Therefore, in order to define the format of an audio file (or a video file) we need both a container and a codec. For example, when the MPEG-1 Audio Layer 3 codec is used to store only audio data in an MPEG-4 container2, we get an MP3 file (even though it’s technically still an MPEG format file).

So what does transcoding mean? It’s the process of converting one encoding into another. And if we convert one container format into another, this process is called transmuxing.

There are a lot of codecs available. And each codec will have a different effect on the quality, size and/or compatibility of the audio file3.

Why do you need to transcode audio?

You might be wondering (like I was), if we can record audio directly in the browser and immediately use the result in our app, why do we even have to transcode it?

The answer is: to optimize for compatibility. Because the Media Recording API can not record audio in all media formats.
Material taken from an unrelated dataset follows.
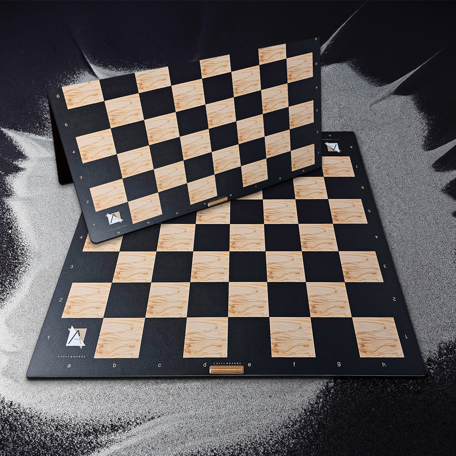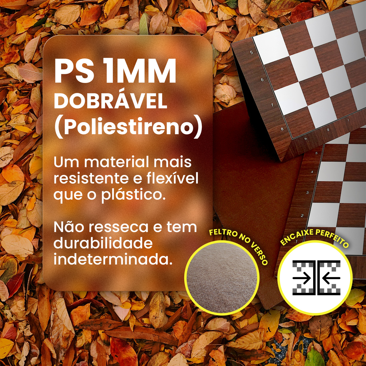 Nossos tabuleiros em PS 1mm são produzidos com o objetivo de tornar seu deslocamento mais prático (especial para estudos, clubes, associação e federações, que precisam transportar grande quantidade ou até mesmo uma única unidade, sem muito peso), leve e rápido, porém, sem perder sua beleza e qualidade. São produzimos com adesivo em alta resolução e laminação fosca de alta resistência por cima, tornando assim, sua durabilidade indeterminada.

For example, MP3 has good compatibility across browsers and devices for playback, but is not supported by the Media Recording API. What formats are supported depend on the browser’s specific implementation of said API.

We can use the isTypeSupported method to figure out if we can record in a specific media type by calling it with a MIME type. Run the following code in the web console (e.g. in Firefox) to see it in action:

MediaRecorder.isTypeSupported("audio/mpeg") // false

Okay, MP3 isn’t supported. Which format can we use to record in then? It looks like WebM is a good choice:

MediaRecorder.isTypeSupported("audio/webm") // true

Also note that you can specify the codec in addition to the container:

MediaRecorder.isTypeSupported("audio/webm;codecs=opus") // true

So if we want to end up with MP3 files of the recordings, we need to transcode (and technically also transmux) the WebM audio recordings.

How will we do this?

We’ll explore two implementations that both convert a WebM audio file to MP3:

  1. Using Amazon Elastic Transcoder
  2. Using FFmpeg and Lambda Layers

For both implementations we’ll use the Serverless Framework and Node.js to write the code for the Lambda function that converts an audio file.
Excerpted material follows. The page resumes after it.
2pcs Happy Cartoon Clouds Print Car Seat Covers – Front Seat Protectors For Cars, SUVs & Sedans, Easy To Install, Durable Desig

Before we get started, make sure you have Node.js installed. And then use npm to install the Serverless Framework globally:

npm i -G serverless

Additionally, we’ll need two S3 buckets to process and store the converted audio files:

  • An input bucket to upload WebM audio files.
  • An output bucket to store transcoded MP3 files.

Using Amazon Elastic Transcoder

Amazon Elastic Transcoder is a fully managed and highly scalable AWS service that can be used to transcode audio and video files.

We can use this service to schedule a transcoding job in a pipeline. The pipeline knows from which bucket to read a file that needs to be converted, and to which bucket the converted file should be written. Whereas the job contains instructions on which file to transcode, and to what format it should be converted.

We’ll create a Lambda function that will “listen” to the S3 input bucket. And whenever a new object is created in that bucket, Lambda will schedule a transcoder job to create the MP3 file.

So the flow will be like this:

  • A WebM audio file is uploaded to the input bucket.
  • The Lambda function is triggered, and uses the key of the created S3 object to schedule a transcoder job.
  • A job is scheduled in the pipeline. And Amazon Elastic Transcoder:
    • Fetches the WebM audio file from the input bucket.
    • Transcodes the WebM audio file to MP3.
    • Uploads the MP3 file to the output bucket.

At the time of this writing AWS CloudFormation has no support for Amazon Elastic Transcoder. So you’ll have to use the AWS web console to create and configure your pipeline(s).

We’ll go through the following steps to get it up and running:

1. Create a pipeline

Navigate to the Elastic Transcoder service in the AWS web console. Select a region (we’ll use eu-west-1), and click on “Create New Pipeline”.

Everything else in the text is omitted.